A contagem se foi, os fogos explodiram, 2013 passou e… surpresa! Nada em mim mudou.

Admito que costumava dar mais atenção e valor às passagens de ano, às promessas, a todo apelo místico e otimista que nos inunda nesta época. Hoje não mais. Os fins de ano são períodos gostosinhos, de descanso, de encontros agradáveis (ou não!), de viagens, de acordar um pouco mais tarde, não os inflo mais com a pressão da expectativa, de esperar por algo que não sei se vem e acho que nem quero saber.
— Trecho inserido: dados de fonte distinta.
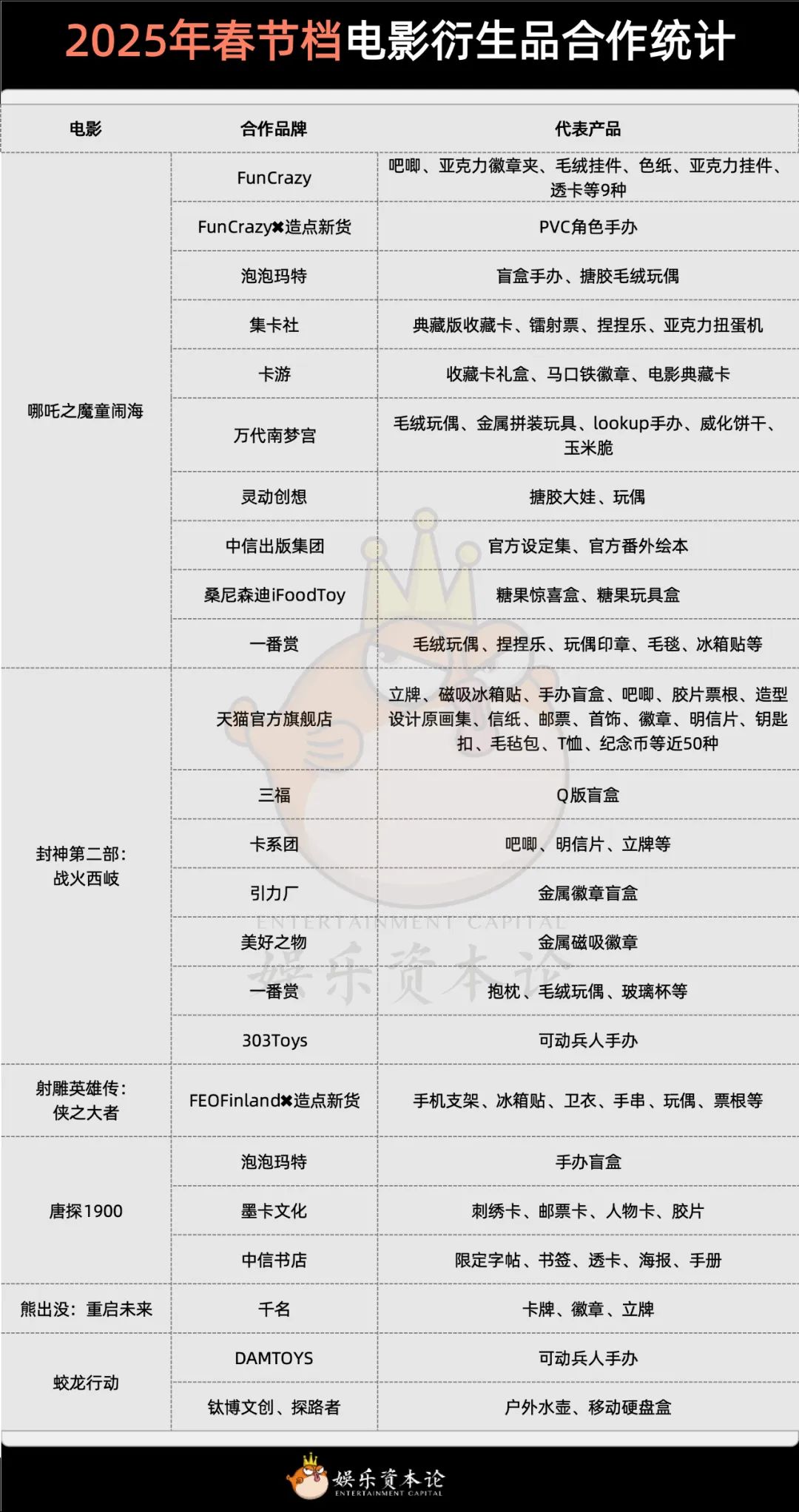 不仅是《哪吒之魔童闹海》,据娱乐资本论统计,这个春节档的6部电影,借助系列化IP优势,与至少20家品牌合作推出百余种衍生品,销售额累计上亿。

A vida já está tão boa como está! Às vezes acho que se tivessem feito uma entrevista comigo antes de eu nascer, quando eu era só um pozinho de estrela, e me pedissem pra escolher a vida que quero, optando por algumas coisas em detrimento de outras (não se pode ter tudo, claro!), minha vida seria exatamente esta que levo agora. Na adolescência os pedidos de ano novo costumam ser tão ambiciosos: carreira promissora, a viagem dos sonhos, um namorado legal, um futuro brilhante. Os anos passam e a lista diminui, o ego diminui junto (pra quem tem juízo) e os pedidos se resumem a saúde, que é realmente o setor que está totalmente fora do nosso controle. Talvez a gente passe a acreditar mais em nossas próprias forças, pare de esperar coisas do além ou de terceiros, e dê importância maior ao presente. Paramos de lamber o futuro, porque, afinal, ele é tão frágil e escorregadio. Qualquer besteirinha que a gente faça hoje e pimba, o futuro imaginado ontem vai solenemente pra cucuia! Claro que ganhar anos é perder um pouco do viço, da bobeira alegre de quem tem poucos medos, mas também é deixar de pensar que sabe tudo (ai, que alívio saber pouco!), deixar de acreditar em contos da carochinha. A gente amansa, dá mais importância para as pequenezas, os nomes das plantas, as tabelas nutricionais dos alimentos, a instalação do chuveiro, o desperdício de energia, de tempo… enfim de repente temos todas as “manias de velho” que tanto irritam os que têm menos de 20 anos. As opiniões deixam de ser absolutas, porque afinal tudo é transitório, até nossas certezas. A gente já percebeu, já calejou. Os anos trazem também a fatídica constatação de que sua mãe estava certa quando dizia a frase mais odiosa e profética de todos os tempos: “você vai entender quando crescer!”. Estou convencida de que em algum momento, por mais que eu evite, também soltarei esta pérola ao meu filho e ele vai me odiar eternamente – ou até ele crescer e entender, claro!